:: What the task requires ::
Once you find the line with "5月15日,杭州第十一中學副" in the entries below, return exactly every line from it through the line with "本日は6年1組、3組で修学旅行報告会を行いました。".

:: Exercise materials ::
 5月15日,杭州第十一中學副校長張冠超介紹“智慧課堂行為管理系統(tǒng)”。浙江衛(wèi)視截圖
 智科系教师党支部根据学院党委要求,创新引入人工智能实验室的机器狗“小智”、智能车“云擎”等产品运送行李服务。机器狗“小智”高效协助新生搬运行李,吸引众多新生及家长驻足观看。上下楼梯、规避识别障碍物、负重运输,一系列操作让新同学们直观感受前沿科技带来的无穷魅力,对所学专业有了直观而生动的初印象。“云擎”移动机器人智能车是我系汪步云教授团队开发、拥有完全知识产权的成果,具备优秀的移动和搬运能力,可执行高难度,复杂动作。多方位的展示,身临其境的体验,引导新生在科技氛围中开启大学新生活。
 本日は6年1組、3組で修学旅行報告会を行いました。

...

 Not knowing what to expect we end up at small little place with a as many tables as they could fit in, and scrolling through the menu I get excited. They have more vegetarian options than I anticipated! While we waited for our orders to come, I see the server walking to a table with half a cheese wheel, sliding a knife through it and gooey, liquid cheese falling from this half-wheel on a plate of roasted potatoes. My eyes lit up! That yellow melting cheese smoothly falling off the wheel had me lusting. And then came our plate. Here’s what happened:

:: Answer to the problem ::
 5月15日,杭州第十一中學副校長張冠超介紹“智慧課堂行為管理系統(tǒng)”。浙江衛(wèi)視截圖
 智科系教师党支部根据学院党委要求,创新引入人工智能实验室的机器狗“小智”、智能车“云擎”等产品运送行李服务。机器狗“小智”高效协助新生搬运行李,吸引众多新生及家长驻足观看。上下楼梯、规避识别障碍物、负重运输,一系列操作让新同学们直观感受前沿科技带来的无穷魅力,对所学专业有了直观而生动的初印象。“云擎”移动机器人智能车是我系汪步云教授团队开发、拥有完全知识产权的成果,具备优秀的移动和搬运能力,可执行高难度,复杂动作。多方位的展示,身临其境的体验,引导新生在科技氛围中开启大学新生活。
 本日は6年1組、3組で修学旅行報告会を行いました。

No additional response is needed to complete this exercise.